Certainty for industry
The contentious debate over super has arguably harmed public confidence in the sector, and confused consumers.
Industry Super Australia (ISA) welcomed the Treasurer’s announcement, calling it a “workable compromise”.
“We would hope all MPs will now give careful consideration to these changes so the reforms can start to make their way through the Parliament. These are evolutionary, not revolutionary changes,” ISA chief executive David Whiteley said.
AIST, which represents the entire not-for-profit super sector, said the new plan would be simpler and easier to implement.
And the Association of Superannuation Funds of Australia, which speaks for both profit and non-profit funds, said it was “delighted”.
Help for battlers
While not part of the Treasurer’s announcement on Thursday, the super industry welcomed another of the government’s backflips: its decision in the budget to extend support for low-income earners.
If you earn less than $37,000 a year, the government will pay up to $500 extra into your super account per year, depending on how much you and your employer contribute before-tax.
This was a Labor policy, strongly opposed by the government in years past, that was due to expire in June 2017. The only change is that the policy will be renamed from ‘LISC’ (Low Income Super Contribution) to the ‘LISTO’ (Low Income Superannuation Tax Offset).
Lost time for women
In order to pay for the new plan, the Treasurer said he will delay until July 1, 2017 the start date for so-called “catch-up provisions”.
This budget measure will eventually allow Australians to salary sacrifice (contribute before-tax income to their super fund) even more. It will do this by rolling-over a person’s unused contribution limits from the past five years.
For example, Australians aged under 50 can currently contribute a maximum of $30,000 per year pre-tax. This includes both the employer guarantee and their own salary sacrificing.
Under the budget measure, those with interrupted work patterns, especially women who take time out for pregnancy and child rearing, could make up for lost time.
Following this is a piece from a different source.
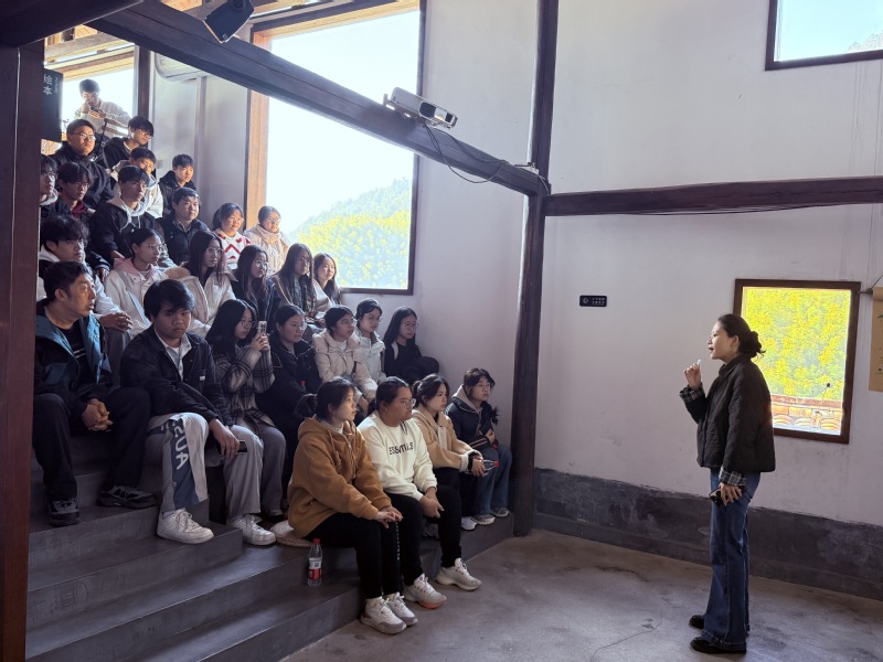 上午,师生团队前往陈家铺村,探访诗意民宿集群。曾经闲置的老屋,在“文化赋能” 理念指引罡,变身兼具乡土韵味与现代美学的民宿,保留了古村肌理,又注入了新的生命力。在 “飞蔦集”“先锋书局” 等特色民居,师生们深入了解 “古村活化” 的创新路径。马克思主义学院教师蓝翊嘉结合陈家铺创造性转换和创新性发展案例,开展现场教学,引导学生思考 “绿水青山” 与 “金山银山” 的转化逻辑,感悟新时代绿色发展之美。
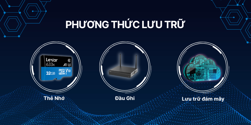 • Thẻ nhớ SD: Phổ biến, chi phí thấp, nhưng dung lượng có hạn và dễ bị mất dữ liệu nếu camera bị lấy đi.

But not until 2017.
Testing times for older workers
Another way the Treasurer will fund his new plan is by giving up on his attempt to remove the work test for those aged 65 to 74.
The current work test bars older workers from making voluntary contributions to their super fund if they work less than 40 hours over any 30 consecutive days in the financial year.
Point scoring for Labor
The opposition seized on the backpedal to paint the government’s retirement policies as a “shambles” and a “massive capitulation”.
It is yet to signal whether it will support or oppose the changes when they are eventually put to Parliament.